Correlation Between High Income and Short Term
Can any of the company-specific risk be diversified away by investing in both High Income and Short Term at the same time? Although using a correlation coefficient on its own may not help to predict future stock returns, this module helps to understand the diversifiable risk of combining High Income and Short Term into the same portfolio, which is an essential part of the fundamental portfolio management process.
By analyzing existing cross correlation between High Income Fund and Short Term Bond Fund, you can compare the effects of market volatilities on High Income and Short Term and check how they will diversify away market risk if combined in the same portfolio for a given time horizon. You can also utilize pair trading strategies of matching a long position in High Income with a short position of Short Term. Check out your portfolio center. Please also check ongoing floating volatility patterns of High Income and Short Term.
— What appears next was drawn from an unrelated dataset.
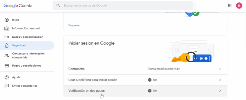Selecciona la opción “Seguridad”, y luego dirígete a “Iniciar sesión en Google”.

Diversification Opportunities for High Income and Short Term
0.56 | Correlation Coefficient |
Very weak diversification
The 3 months correlation between High and Short is 0.56. Overlapping area represents the amount of risk that can be diversified away by holding High Income Fund and Short Term Bond Fund in the same portfolio, assuming nothing else is changed. The correlation between historical prices or returns on Short Term Bond and High Income is a relative statistical measure of the degree to which these equity instruments tend to move together. The correlation coefficient measures the extent to which returns on High Income Fund are associated (or correlated) with Short Term. Values of the correlation coefficient range from -1 to +1, where. The correlation of zero (0) is possible when the price movement of Short Term Bond has no effect on the direction of High Income i.e., High Income and Short Term go up and down completely randomly.
Pair Corralation between High Income and Short Term
Assuming the 90 days horizon High Income Fund is expected to under-perform the Short Term. In addition to that, High Income is 1.71 times more volatile than Short Term Bond Fund. It trades about -0.03 of its total potential returns per unit of risk. Short Term Bond Fund is currently generating about 0.02 per unit of volatility. If you would invest 905.00 in Short Term Bond Fund on September 26, 2024 and sell it today you would earn a total of 1.00 from holding Short Term Bond Fund or generate 0.11% return on investment over 90 days.
Time Period | 3 Months [change] |
Direction | Moves Together |
Strength | Weak |
Accuracy | 97.62% |
Values | Daily Returns |
High Income Fund vs. Short Term Bond Fund
Performance |
Timeline |
High Income Fund |
Short Term Bond |
High Income and Short Term Volatility Contrast
Predicted Return Density |
Returns |
Pair Trading with High Income and Short Term
The main advantage of trading using opposite High Income and Short Term positions is that it hedges away some unsystematic risk. Because of two separate transactions, even if High Income position performs unexpectedly, Short Term can make up some of the losses. Pair trading also minimizes risk from directional movements in the market. For example, if an entire industry or sector drops because of unexpected headlines, the short position in Short Term will offset losses from the drop in Short Term's long position.High Income vs. Capital Growth Fund | High Income vs. Emerging Markets Fund | High Income vs. International Fund International | High Income vs. Growth Income Fund |
Short Term vs. Capital Growth Fund | Short Term vs. Emerging Markets Fund | Short Term vs. High Income Fund | Short Term vs. International Fund International |
Check out your portfolio center.Note that this page's information should be used as a complementary analysis to find the right mix of equity instruments to add to your existing portfolios or create a brand new portfolio. You can also try the Economic Indicators module to top statistical indicators that provide insights into how an economy is performing.